A Lactalis deu um passo ousado no mercado global de lácteos ao fechar a compra da Mainland Group, unidade de consumo e serviços associada à Fonterra, por NZ$4,22 bilhões (aproximadamente US$2,5 bilhões).
Segundo relatório da consultoria Northington Partners, a multinacional francesa estaria pagando um prêmio de 15% a 25% acima do valor justo de mercado — um movimento que divide opiniões entre analistas financeiros e especialistas do setor.
A palavra-chave “Lactalis” se destaca neste acordo histórico, que reforça a presença da empresa na Oceania e marca uma nova fase para a gigante neozelandesa Fonterra, que pretende concentrar seus esforços em ingredientes e foodservice, abandonando gradualmente o segmento de consumo final.
💵 Um negócio bilionário com valor estratégico
O acordo, anunciado oficialmente após um longo processo de due diligence, coloca a Lactalis no controle total das operações da Mainland Group, que abrange negócios da Fonterra na Austrália, Oceania, Sudeste Asiático e Oriente Médio.

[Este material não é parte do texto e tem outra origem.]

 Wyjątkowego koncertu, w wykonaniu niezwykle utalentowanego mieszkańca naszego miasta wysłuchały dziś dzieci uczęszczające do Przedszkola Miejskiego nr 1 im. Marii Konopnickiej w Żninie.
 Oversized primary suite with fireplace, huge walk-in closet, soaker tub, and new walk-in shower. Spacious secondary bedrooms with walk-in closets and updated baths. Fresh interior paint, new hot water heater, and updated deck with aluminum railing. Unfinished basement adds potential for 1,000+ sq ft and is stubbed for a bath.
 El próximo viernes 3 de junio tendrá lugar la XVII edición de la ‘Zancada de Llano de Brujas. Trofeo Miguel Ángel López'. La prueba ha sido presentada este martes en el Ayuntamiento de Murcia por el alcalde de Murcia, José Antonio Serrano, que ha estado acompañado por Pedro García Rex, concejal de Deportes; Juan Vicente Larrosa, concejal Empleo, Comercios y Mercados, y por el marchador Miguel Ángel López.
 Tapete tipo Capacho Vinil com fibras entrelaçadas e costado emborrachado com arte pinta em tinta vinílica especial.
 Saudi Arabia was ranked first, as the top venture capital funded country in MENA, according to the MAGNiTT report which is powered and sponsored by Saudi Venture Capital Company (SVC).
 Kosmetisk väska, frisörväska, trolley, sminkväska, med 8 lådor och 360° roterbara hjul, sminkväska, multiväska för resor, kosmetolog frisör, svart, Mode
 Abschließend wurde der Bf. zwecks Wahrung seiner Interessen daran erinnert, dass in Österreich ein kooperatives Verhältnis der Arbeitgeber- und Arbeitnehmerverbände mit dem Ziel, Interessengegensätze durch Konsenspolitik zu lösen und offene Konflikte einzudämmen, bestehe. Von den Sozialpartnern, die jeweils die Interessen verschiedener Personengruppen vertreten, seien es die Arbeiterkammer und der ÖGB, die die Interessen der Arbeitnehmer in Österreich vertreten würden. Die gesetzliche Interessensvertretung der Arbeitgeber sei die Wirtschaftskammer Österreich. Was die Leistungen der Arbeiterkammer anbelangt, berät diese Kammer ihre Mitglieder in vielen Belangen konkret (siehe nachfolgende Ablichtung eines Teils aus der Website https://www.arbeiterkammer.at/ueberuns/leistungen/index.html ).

Para chegar a este resultado, a cooperativa neozelandesa avaliou duas alternativas: abrir o capital da nova empresa (IPO) ou vendê-la integralmente a um investidor estratégico. A segunda opção prevaleceu, culminando na oferta vencedora da Lactalis.
A Fonterra espera lucrar mais de NZ$4 bilhões líquidos, mesmo após custos de desinvestimento e liquidação, e devolver NZ$3,2 bilhões (NZ$2,00 por ação) aos seus acionistas e cooperados de forma isenta de impostos. A previsão é que os retornos de capital ocorram no primeiro semestre de 2026, após as aprovações regulatórias e o voto dos produtores, marcado para 30 de outubro.
📉 Fonterra se despede de seu “eterno subdesempenho” na Austrália
A decisão da Fonterra reflete uma estratégia clara de reorientação de portfólio.
Desde 2001, quando entrou no mercado australiano com uma parceria de queijos com a Bega, a cooperativa enfrentou desafios persistentes.
Volatilidade de preços no leite cru, altos custos operacionais e margens instáveis tornaram a operação australiana um ponto de dor — e, nas palavras de analistas locais, um “perennial underperformer”, ou seja, um ativo que nunca entregou o desempenho esperado.
Nos últimos anos, a Fonterra reduziu gradualmente sua exposição no varejo, vendendo ativos como o negócio de iogurtes e sobremesas da Nestlé Austrália (adquirido pela Parmalat, também controlada pela Lactalis, em 2015) e a fábrica Dennington (vendida em 2020).
Em FY25, o braço australiano registrou receita de NZ$5,6 bilhões, acima dos NZ$5,0 bilhões do exercício anterior, com lucro bruto de NZ$1,07 bilhão. O crescimento foi impulsionado por um ano atípico de estabilidade no preço do leite, o que elevou a valorização do spin-off.
No entanto, segundo a Northington Partners, essa performance não é sustentável a longo prazo, o que reforça a tese de que a Lactalis pagou um prêmio considerável para garantir a aquisição.
📊 Os múltiplos financeiros e o “prêmio” da Lactalis
O relatório independente da Northington Partners traz novos dados sobre a avaliação da operação.
De acordo com o documento, os múltiplos ajustados chegam a 10,2x EV/EBITDA e 13,7x EV/EBIT, enquanto os valores iniciais projetados eram 9,2x e 11,8x, respectivamente.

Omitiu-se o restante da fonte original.